* _TASK PROMPT_
Give the lines again exactly as they appear, from the first line of the listing through the line containing "message cmega about", and omit every picture.

* _DATA_
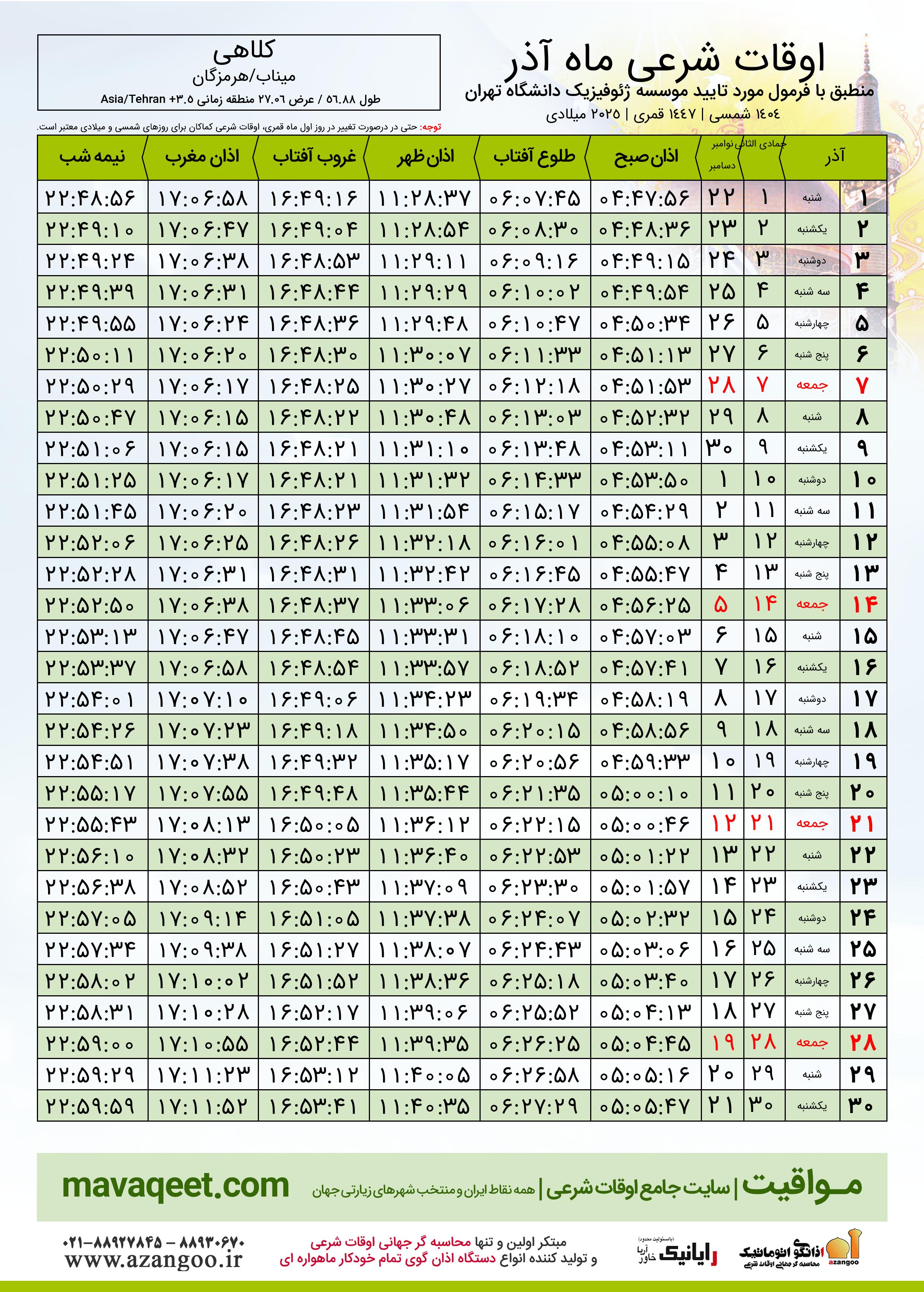 اوقات شرعی آذر ١٤٠٤ شمسی شهر کلاهی
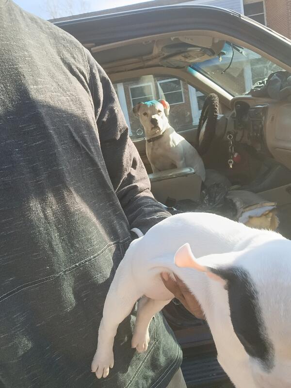 message cmega about this ad These r the best breed I've ever had and the last set I'm having off them easy to train loyal respectful loveable and difently caring and protective 6 weeks old 8M and 1F is the runt that's left she is the black eye one |
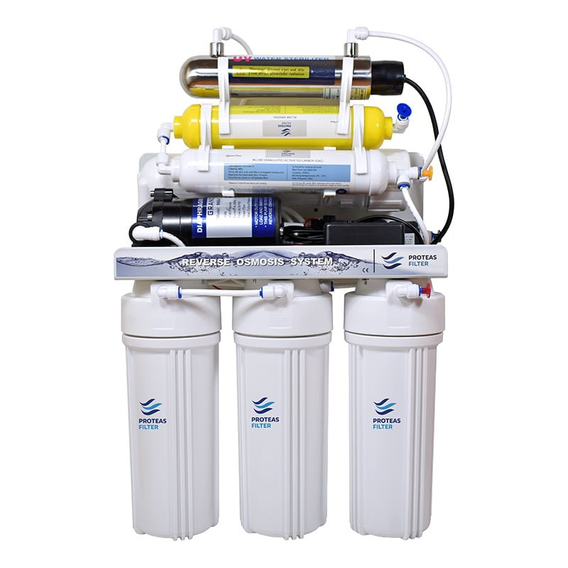 Σύστημα αντίστροφης όσμωσης, 7 σταδίων με αντλία και λάμπα UV, δοχείο διαστολής, βρυσάκι. Διαθέτει 3 πρόφιλτρα (φίλτρο πολυπροπυλενίου 10″ – 1μm, φίλτρο κοκκώδους ενεργού άνθρακα 10″, φίλτρο συμπαγούς ενεργού άνθρακα 10″ – 5μm), μεμβράνη αντίστροφης όσμωσης 75GPD, φίλτρο βελτίωσης γεύσης και οσμής του νερού, φίλτρο προσθήκης των απαραίτητων ιχνοστοιχείων για το ανθρώπινο σώμα και την λάμπα UV.

* _SOLUTION TO THIS PROBLEM_
 اوقات شرعی آذر ١٤٠٤ شمسی شهر کلاهی
 message cmega about this ad These r the best breed I've ever had and the last set I'm having off them easy to train loyal respectful loveable and difently caring and protective 6 weeks old 8M and 1F is the runt that's left she is the black eye one |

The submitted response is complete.